Sen. Tom Carper (D-Del.) and other Democratic senators are introducing a bill for D.C. statehood today, a proposal with heavy opposition in the public in continuing polls.
Indeed, the bill was one of the reasons that members and advocates demanded the killing of the filibuster rule to force through the change in status based on a bare majority.
If successful, it would give the Democrats two more senators in a city-state that will expected to remain reliably blue. I have testified repeatedly on this issue. There are strong arguments for changing the status of the District and statehood is a viable option.
It would clearly be constitutional unlike past proposals. The question is whether it is the best option for the country. Roughly 20 years ago, I proposed a “modified retrocession plan” that would be an alternative if the Congress wanted full voting rights for citizens of the District.
The proposal would make create the first city-state in our history with a population of 700,000.
However, half of the country opposes the idea.
A new Harris/Hill poll shows fifty-two percent of respondents said they favored statehood while 48 percent said they opposed it. That is heavy opposition for such a statehood change.
Biden just unveiled another proposal with heavy public opposition: a commission that would allow court-packing or other structural changes on the Court to blunt the conservative majority.
I have written a long academic publication on the status of the District of Columbia and testified at the prior hearings on allowing for voting representation of District residents. See Jonathan Turley, Too Clever By Half: The Partial Representation of the District of Columbia in the House of Representatives, 76 George Washington University Law Review 305-374 (2008). I also testified in both the House and Senate repeatedly on such proposals.
The debate over D.C. statehood is a complex issue with historical, constitutional, and legal dimensions. It is also an issue with important and unresolved racial issues of a black-majority city without direct representation in Congress. I have previously voiced my view that such lack of representation for the District is unacceptable and untenable in our country.

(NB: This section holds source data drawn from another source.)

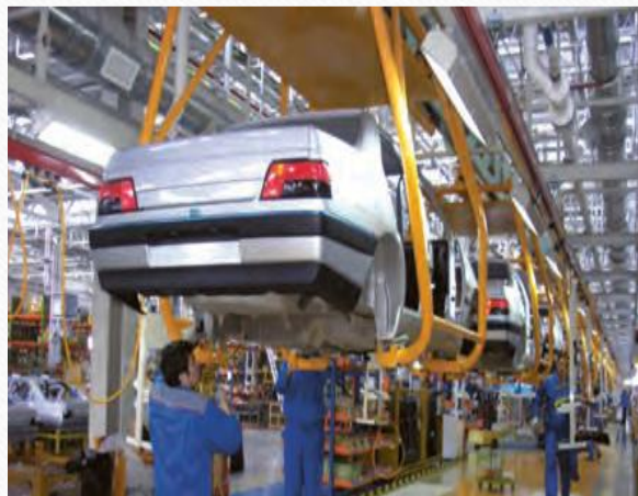
کارخانه ایران خودرو تهران
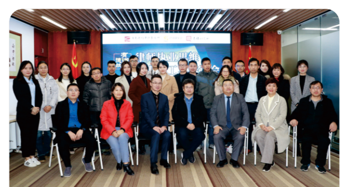
《德納有道：律師執業思維與辦案工具》培訓會成功舉辦
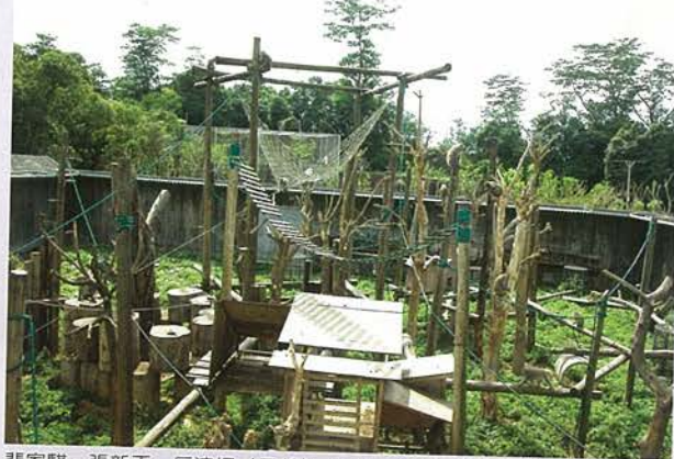
裴家騏、張新丕 反演繹 (局部) 文件、影像、物件裝置 2005

而這個展演更重要的是試圖轉化人文歷史發展中，人類自持的權力問題。包括「人類中心主義」(anthropocentrism)，到人類同理心延伸到其他高等動物的
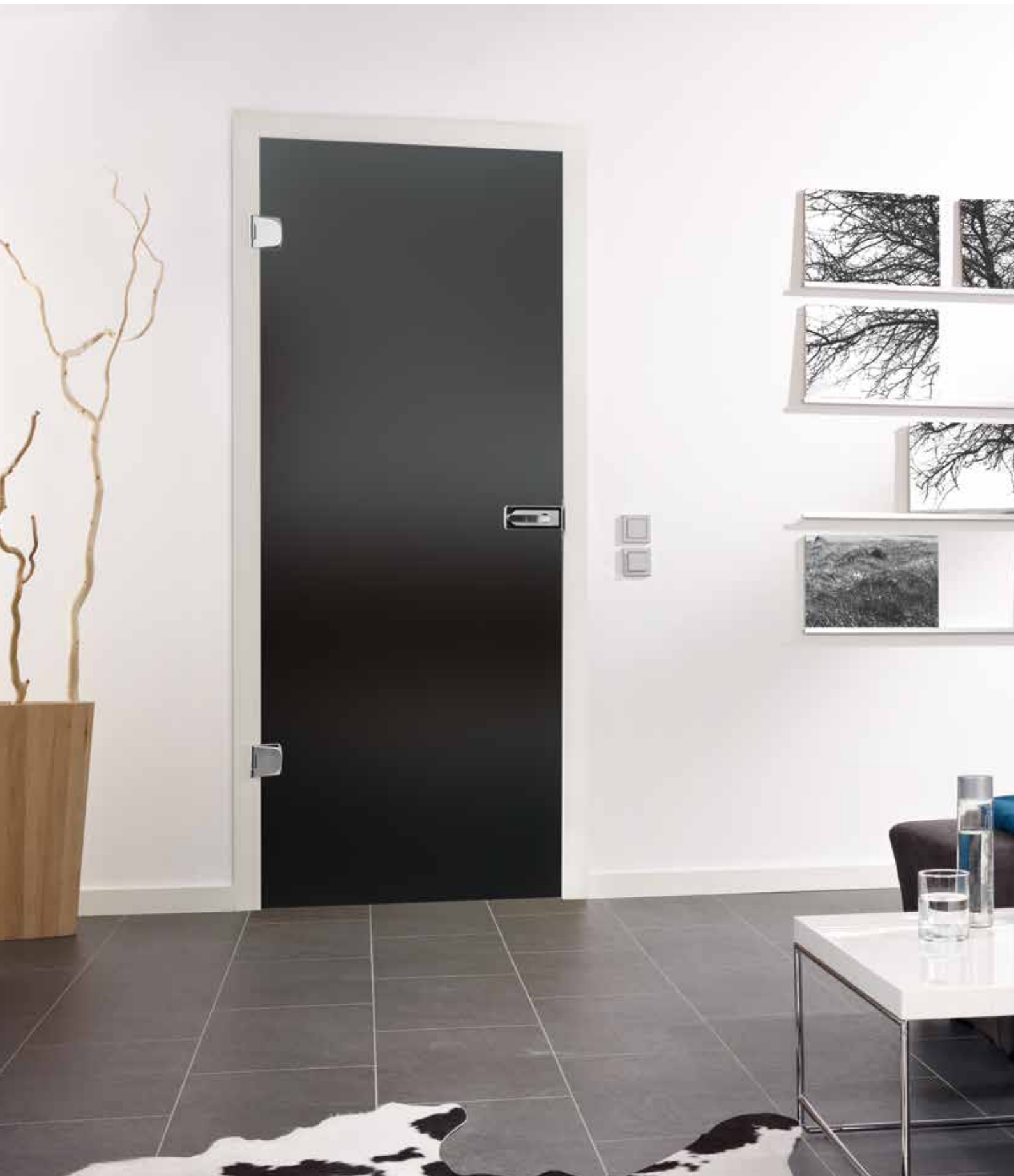
Drehtür 1-flg. | Glasdesign: Satinato Lava Grey | Beschlagset: Modern 2.0, ähnl. Chrom Glanz mit Inlay, weiß RAL 9010
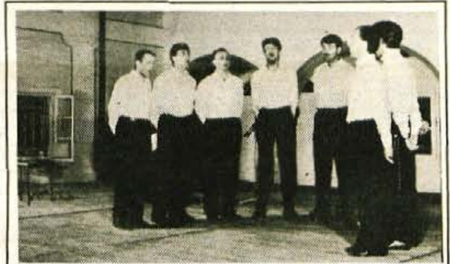
Minuli petek je bil na Gorenjskem v znamenju kulturnih dogodkov. Prav v vseh občinah so v večernih urah pripravili različne prireditve. Na Jesenicah, v Trzinu in Radovljici so odprli galerijska vrata likovnim skupinam Relik iz Trbovelj in Dolik iz Jesenic, Dragu Tršarju ter Janezu Lenassiju. Obiskovalci pa so si lahko ogledali tudi tri prireditve iz Skofjeloških poletnih večerov, Radovljiškega poletja oziroma kranjskih Kieselsteinskih večerov, od koder je tudi fotografija Gorazda Šinika. (V. B.)
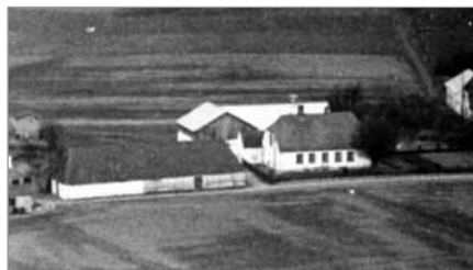
Kirkeladen og Skovmands gård
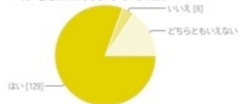
Q. 太陽光発電を設置したことにより節電意識は高まりましたか?

最後に、「太陽光発電を設置したことにより節電意識は高まりましたか?」という質問をした。結果、80.6%が「はい」、「いいえ」が3.8%、「どちらともいえない」が15.6%と解答した。太陽光発電システムを設置すると、節電意識も自然と高まるという結果となった。
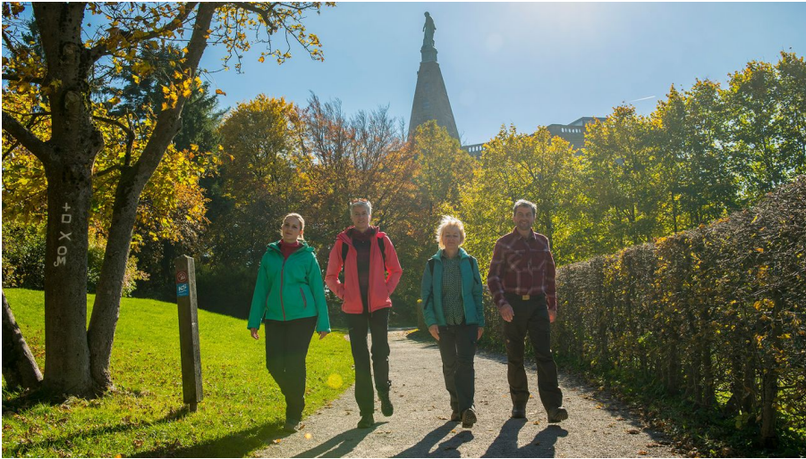
Habichtswaldsteig am Herkules.jpg
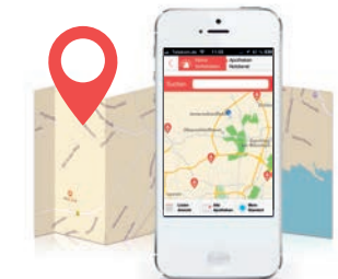
Der Apothekenfinder zeigt die nächstgelegene Apotheke an
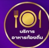
บริการ อาหารท้องถิ่น
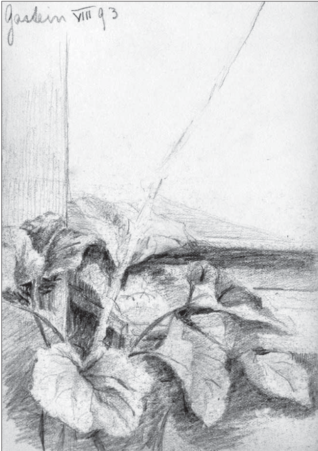
Abb. 10: Aus Elsa Cantacuzènes Skizzenbuch, 1888 (BSB)
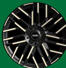
18" Night Flash Spoke bitono
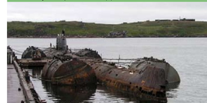
Poslední vlečná plavba do loděnice k likvidaci skončila katastrofou. Rezavá ponorka se potopila v Barentsově moři včetně 800 kg vyhořelého jaderného paliva.
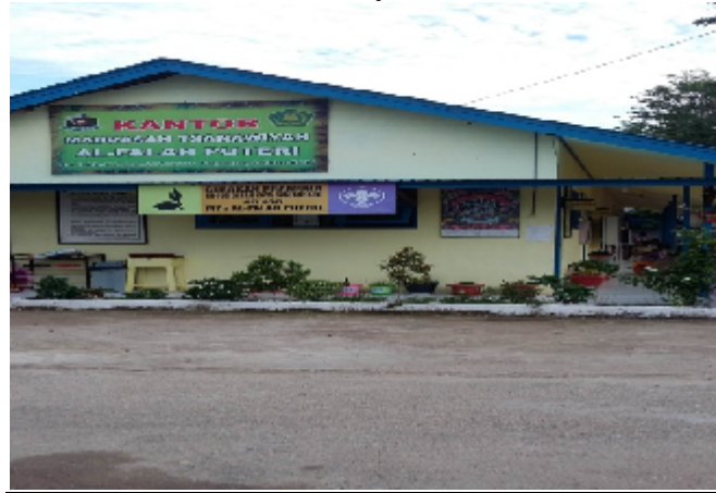
Kantor Madrasah Tsanawiyah Al-Falah Puteri
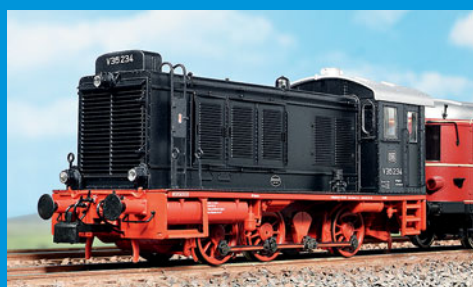
Im MIBA-Test: Brawa-V 36.2 mit vielen Funktionen

In all, I have testified five times in the House and the Senate on this issue in Congress, particularly on the effort to simply give the District a vote in the House of Representatives. I encouraged the Congress to avoid such flagrantly unconstitutional measures of a vote as a non-state entity and instead focus on a vote of statehood or retrocession. That is why I offered a “modified retrocession plan”, which was also discussed in an academic work. Under my proposal, the mall and core federal buildings would remain the District of Columbia (as is the case in this legislation) but the remainder of the District would retrocede back to Maryland (as did the other half of the original District to Virginia). In this way, residents would receive full representation while receiving the benefits of various Maryland educational and other opportunities. That reduction of the federal enclave has been incorporated in some statehood proposals. I believed that such retrocession offered the fastest course for not just full representation but improved social and educational programs for the district residents. I laid out a phased retrocession plan that began with immediate and full representation. This could be done by congressional vote.
People of good-faith can disagree on such proposals and the current legislation is clearly a constitutional approach to reaching a final resolution on the lack of representation in Congress. Indeed, it is important to hear from those who believe that statehood is an important step toward dealing with the historical racial inequalities and discrimination in our nation. Modified retrocession may not be enough to resolve such issues for many in our community.